An open-source scalable personal cloud

File processing

The desktop client must integrate with the operating system in the sense that, when there is a change in the synchronized folder, the application receives a notification to process the event. Once the application identifies which file or files have been modified or created, it will proceed to store it in StackSync.

First, it will extract all needed metadata about the file (e.g. file name, size, modification date, etc.). Next, it will store it in a database that will be used to keep the information about different version of files. Finally, the file will be split into smaller pieces called chunks. Each chunk is treated independently and is identified by its hash value. To reconstruct the original file, chunks must be joined in the correct order.
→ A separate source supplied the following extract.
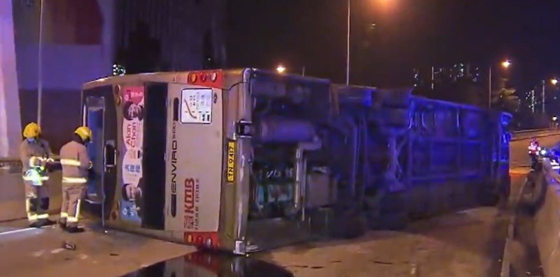 香港一輛巴士翻側至少一死十傷

The chunking provides StackSync with the following advantages:

  1. Optimize the bandwidth usage. When a file is modified, it is processed again and new chunks are generated. But only those parts of the file that have been modified will generate different chunks compared to the previous version. The client will be aware of this and will only send the chunks that differ from the previous version.
  2. Optimize the storage usage. Without chunking, the smallest modification of a file would force the client to upload the file again, and therefore, using more storage space. Using chunking we significantly reduce the storage usage. 
  3. Improve big files transfers. Syncing a 3GB file is a costly operation for both the client and the server. Chunks normally use much less space (between 32KB and 1MB), so they can be transferred faster. In addition, if the connection is lost while synchronizing, the client may resume the process from the last uploaded chunk and avoid uploading the entire file again.

When the chunking process finishes, the client proceeds to upload the chunks to the storage service, storing the chunks in the user’s private space.

Once the unique chunks are successfully submitted to the Storage back-end, the Indexer (see figure below) will communicate with the SyncService to commit the changes to the Metadata back-end, which is the component responsible for keeping versioning  information and other metadata. The Metadata back-end may be a relational database like MySQL or a NoSQL data store such as Cassandra or Riak. Irrespective of the chosen database technology, the SyncService needs to provide a consistent view of the synced files. Allowing new commit requests to see uncommitted changes may result in unwanted conflicts.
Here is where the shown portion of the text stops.